Викарий грустно улыбнулся:
— Я бы с радостью это сделал, но, к сожалению, не могу позволить себе подобной роскоши.
— Ну что ж, — обратился Пол к продавцу, — давайте взглянем на ваши сокровища.
Пол оказался на редкость проницательным человеком. Длинные каштановые волосы, скрытые под старой кожаной кепкой, и массивное чрево выдавали в нем вполне обеспеченного человека. Широкий поясной ремень прочно удерживал тяжесть отвисшего живота, когда он важно двигался по рынку, заложив руки за спину. Проходя мимо прилавка с клинками, он мгновенно согнал с лица улыбку и удивленно свистнул. Квадратное лицо Пола вытянулось и посерьезнело, демонстрируя неподдельный интерес к оружию.
Этот меч захватил его внимание с первого взгляда, выделяясь мастерством отделки на фоне остальных клинков. Взяв его в руку, он неожиданно почувствовал, что клинок живет своей собственной жизнью. Пол поразился этому обстоятельству, поскольку раньше привлекали его внимание мечи лишь полностью готовые, то есть с эфесом и в ножнах, а здесь имелось одно только длинное лезвие. Он стал разглядывать клинок более внимательно. Тот был ровным, отполированным до блеска, с необыкновенно острым концом и составлял в длину не менее тридцати дюймов. Прекрасная полировка придавала мечу оттенок тускло поблескивающего серебра. Пол безуспешно искал хотя бы маленькую вмятину от ковки, но лезвие было ровным, зеркальным блеском подчеркивая совершенство мастера.
— Где ты, говоришь, нашел его, приятель?
— В доме одной старой вдовы. Она умерла, а этот клинок, трудно поверить, господин, я нашел под ее кроватью. — Продавец хитро улыбнулся. — Ее муж был кузнецом и, по всей вероятности, сделал его для себя. Единственный в своем роде, насколько я могу судить.
«Действительно единственный», — подумал Пол и, заплатив продавцу, распрощался с ним и священником. А вернувшись в Лондон в свою мастерскую, тотчас поместил клинок на широкую скамью и долго его изучал. В то время он трудился над шестью другими мечами, два из них были совершенно новыми, а четыре — старыми, которым требовалось заменить рукояти. Работая над ними, он то и дело поглядывал на этот новый меч, касался его пальцами, поглаживал сверкающую на солнце сталь.
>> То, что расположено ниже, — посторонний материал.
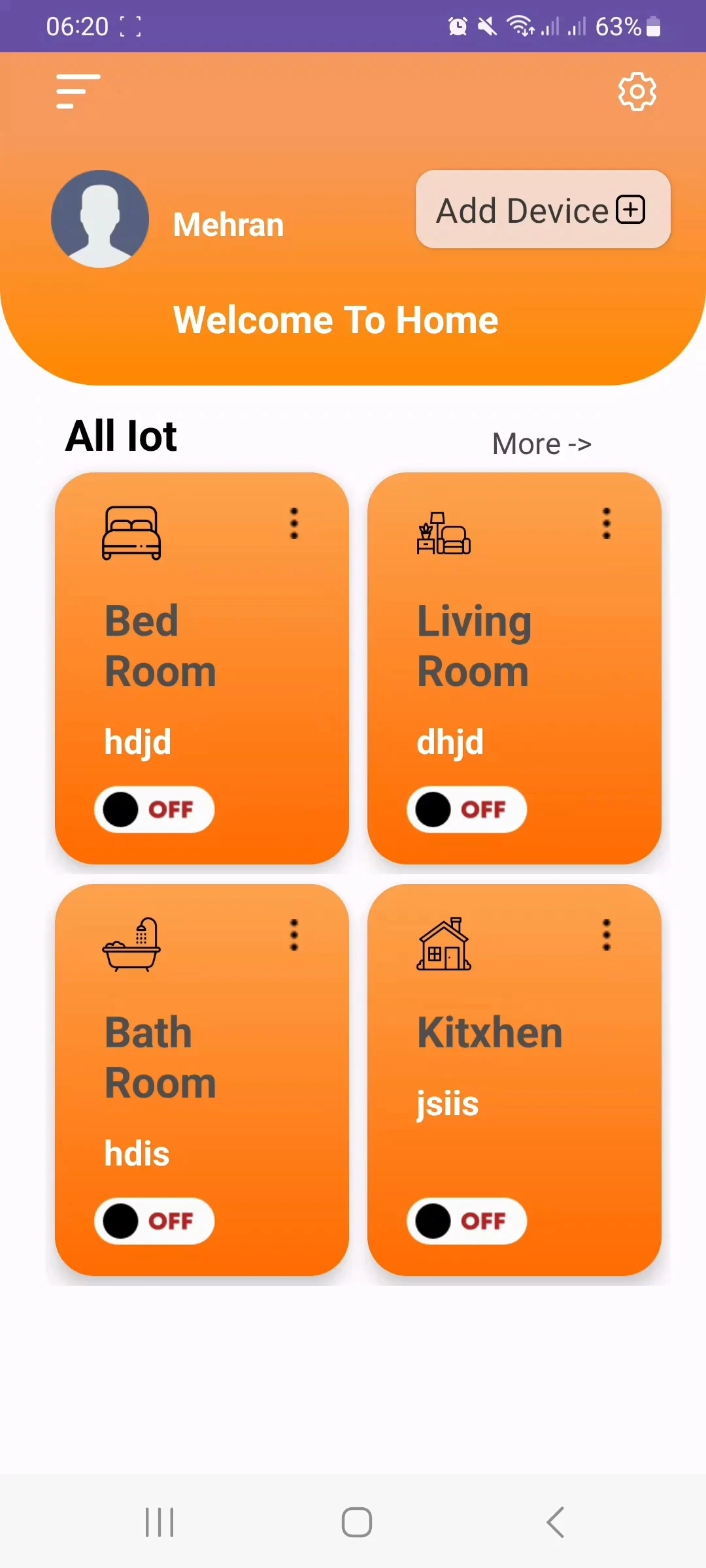 در این پروژه هدف این است که با وارد کردن ای پی ادرس دستگاه مورد نظر و تعریف اسم و محل ان دستگاه بتوان با api برایش درخواست on و off ارسال کرد که با توجه پارامتر ارسالی دستگاه خاموش یا روشن بشود.در این برنامه طراحی شخصی توسط خودم صورت گرفته که با استفاده از xml و کد های کاتلین پیاده شده و برای api از retrofit برای ارسال درخواست های GET و POST و برگشتن جواب ان استفاده شده است

И все никак не мог придумать, какую рукоять соорудить для этого чудесного клинка.
Самым простым ему показался эфес в форме креста. Недавно он видел такой у одного мастера. Старый оружейник создал из стального бруска настоящее произведение искусства, загнув края и вырезав из них пару собачьих голов. В конце концов Пол решил сделать такой же эфес, с навершием из обыкновенной стали — нет никакой необходимости в чрезмерном украшении этого замечательного оружия, — а рукоять вырезать из твердой липы, украсив проволокой и полосками прочной кожи.
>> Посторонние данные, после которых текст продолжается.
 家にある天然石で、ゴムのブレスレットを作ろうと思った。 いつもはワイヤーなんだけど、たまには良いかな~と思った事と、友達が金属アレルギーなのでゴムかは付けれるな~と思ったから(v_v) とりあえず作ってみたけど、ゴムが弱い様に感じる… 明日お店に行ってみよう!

Это будет меч, о котором может мечтать каждый мужчина. Меч чести, достоинства и воинской доблести.
Вопреки всем опасениям, высадка на берег оказалась не такой сложной, как предполагал Ролло. Враг еще не был предупрежден, хотя он не сомневался, что видел вдали крошечные огоньки, будто кто-то посылал предупредительные сигналы.
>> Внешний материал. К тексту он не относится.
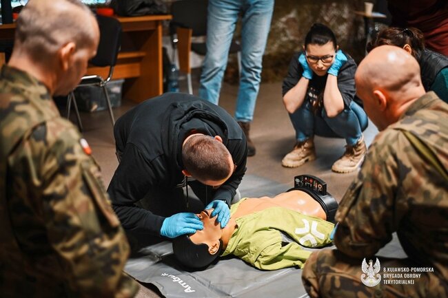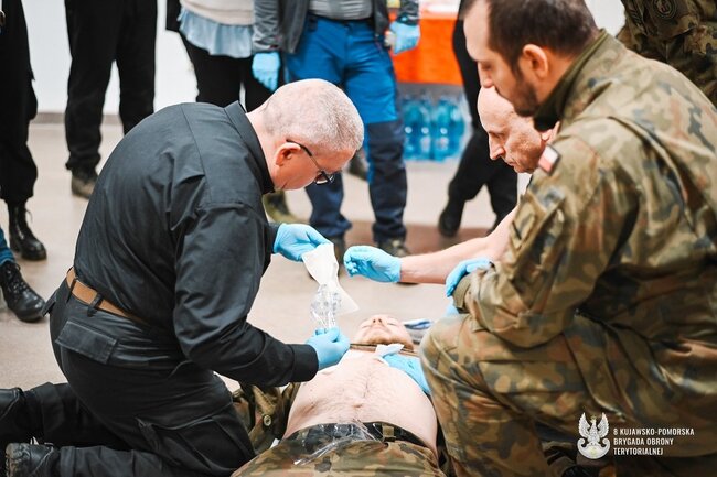 Pierwsze w #8 Kujawsko-Pomorskiej Brygady Obrony Terytorialnej (8 K-PBOT) zajęcia medyczne w ramach projektu wGotowości zakończone. Podczas szkolenia, które odbyło się 24.11.2025 r. uczestnicy zdobywali praktyczne umiejętności z zakresu ratownictwa medycznego i uczyli się działania w sytuacjach realnych zagrożeń.

Его галера быстро приближалась к берегу, пока наконец гребцы не подняли весла, застыв в ожидании дальнейшей команды. На судне воцарилась мертвая тишина. Воины сосредоточились на высадке, готовя себя ко всяким неожиданностям. Они понятия не имели, что может ожидать их на чужом берегу, но неплохо знали своих врагов — хитрых и храбрых воинов, не ведавших горечи поражения. Они затаились на этой неизвестной земле, и гнев, вызванный новостью о вторжении неприятеля, вполне мог выйти из-под контроля. Многие скоро погибнут в предстоящей схватке. Неистовый Свейн широко ухмыльнулся, сжимая в руках боевую секиру, и Ролло вынужден был ответить ему тем же.
И в это мгновение все они повалились на палубу от сильного толчка. Их небольшое судно, налетев на прибрежное дно, содрогнулось всем своим деревянным корпусом, заскрипело промокшими досками и, медленно накренившись, застыло.
Ролло успел заметить краешком глаза, как два человека у его ног сильно столкнулись головами и рухнули замертво, но быстро опомнился и крикнул своим людям, чтобы те прыгали в воду и занимали оборону на берегу. Воины немедленно выполнили его приказ и вскоре выстроились с секирами, мечами и копьями, изготовившись уничтожить любого, кто посмеет оспорить их право на эту землю. Часть из них побежала на высокий холм, чтобы оттуда следить за окружающей местностью, пока остальные лихорадочно выгружали из трюма доставленный груз и покидали галеру.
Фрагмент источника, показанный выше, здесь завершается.